At drinks-led dinners, I ask guests to decipher — blind — aspects of wines from provenance to price, and sometimes whether they bear a male or female touch. They invariably accurately identify the maker’s gender.
Julia Stafford, founder of Wine Pantry, a shop devoted to British drinks, attributes luck to such deduction, although tasting a drink’s target gender is child’s play: ‘The sweeter the wine, the more likely the audience is female. Add enough sugar to lemon juice and it will taste good.
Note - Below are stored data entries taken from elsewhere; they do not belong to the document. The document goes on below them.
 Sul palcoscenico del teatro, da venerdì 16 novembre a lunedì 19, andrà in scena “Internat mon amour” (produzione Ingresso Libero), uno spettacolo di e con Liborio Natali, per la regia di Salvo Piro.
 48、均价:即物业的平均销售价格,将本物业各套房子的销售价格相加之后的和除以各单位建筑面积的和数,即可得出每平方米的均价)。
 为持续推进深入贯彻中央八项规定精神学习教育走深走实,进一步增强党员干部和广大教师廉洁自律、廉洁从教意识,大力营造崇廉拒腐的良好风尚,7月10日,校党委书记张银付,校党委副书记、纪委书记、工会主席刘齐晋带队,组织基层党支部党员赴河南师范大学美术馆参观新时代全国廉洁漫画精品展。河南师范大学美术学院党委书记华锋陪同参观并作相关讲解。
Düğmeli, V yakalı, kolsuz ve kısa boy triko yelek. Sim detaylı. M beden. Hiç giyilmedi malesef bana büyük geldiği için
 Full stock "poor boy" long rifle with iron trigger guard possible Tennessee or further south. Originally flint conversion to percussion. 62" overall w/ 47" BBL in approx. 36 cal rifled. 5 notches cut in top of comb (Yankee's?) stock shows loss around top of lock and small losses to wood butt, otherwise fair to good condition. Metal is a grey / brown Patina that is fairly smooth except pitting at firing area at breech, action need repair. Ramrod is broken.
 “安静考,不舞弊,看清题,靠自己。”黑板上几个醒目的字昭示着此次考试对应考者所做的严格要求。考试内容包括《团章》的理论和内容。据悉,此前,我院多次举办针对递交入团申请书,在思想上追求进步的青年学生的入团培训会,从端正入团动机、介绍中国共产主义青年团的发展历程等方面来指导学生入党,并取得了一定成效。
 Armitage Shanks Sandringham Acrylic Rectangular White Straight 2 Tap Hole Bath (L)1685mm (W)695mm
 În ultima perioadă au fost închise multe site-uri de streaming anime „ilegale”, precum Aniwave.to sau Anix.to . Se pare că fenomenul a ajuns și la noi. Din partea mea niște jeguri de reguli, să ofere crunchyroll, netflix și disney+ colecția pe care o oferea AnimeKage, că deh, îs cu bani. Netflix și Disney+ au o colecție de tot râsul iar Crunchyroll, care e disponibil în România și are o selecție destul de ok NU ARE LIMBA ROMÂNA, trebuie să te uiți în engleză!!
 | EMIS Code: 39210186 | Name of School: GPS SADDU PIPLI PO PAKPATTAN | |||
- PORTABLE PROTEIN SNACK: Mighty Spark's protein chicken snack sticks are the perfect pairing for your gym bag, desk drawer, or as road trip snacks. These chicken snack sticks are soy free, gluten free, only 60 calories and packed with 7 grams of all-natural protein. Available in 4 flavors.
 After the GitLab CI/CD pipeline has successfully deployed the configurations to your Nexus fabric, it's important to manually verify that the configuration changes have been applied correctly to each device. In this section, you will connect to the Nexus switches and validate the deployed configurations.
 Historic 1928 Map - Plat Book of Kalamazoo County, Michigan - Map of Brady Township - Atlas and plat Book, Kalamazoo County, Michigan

But the assumption women always choose sweeter wine is patronising and obsolete — they want quality.’
Meanwhile, Neleen Strauss, restaurateur of High Timber overlooking the Millennium Bridge, is droll: ‘If the wine tastes like it can multitask, it was definitely made by a woman. But seriously, the divide isn’t between men and women, but those devoted to making and selling good wine versus those whose first and last thoughts are commercial.’
Born in vine-free Bremen to doctor parents, Eva Fricke crafts lucid Rieslings, including her greengage-scented, flinty Kiedricher QbA Trocken 2015 from a microscopic vineyard hugging steep slate in the Rheingau, a five-hour drive south (£20.60; laywheeler.com).
Norma Ratcliffe was one of the first women to make wine in South Africa. As head winemaker for three decades at Warwick, Stellenbosch, she still oversees press tastings, including mine, and informs the house style, overseeing protégé Nic Van Aarde. Warwick Estate Trilogy 2011 is Cabernet-led with graphite, mulberry and vanilla flavours (£19.50, thewinesociety.com). Daughter Jenny Ratcliffe-Wright continues the bloodline as a Cape Wine Master.
Cherie Spriggs commands operations at England’s most prominent wine estate, Nyetimber, conferred by Henry VIII to Anne of Cleves as part of the annulment settlement. Coral-coloured, the adult rosé is buoyant and honeyed, leaving raspberry and bergamot scent trails (£45, winepantry.co.uk).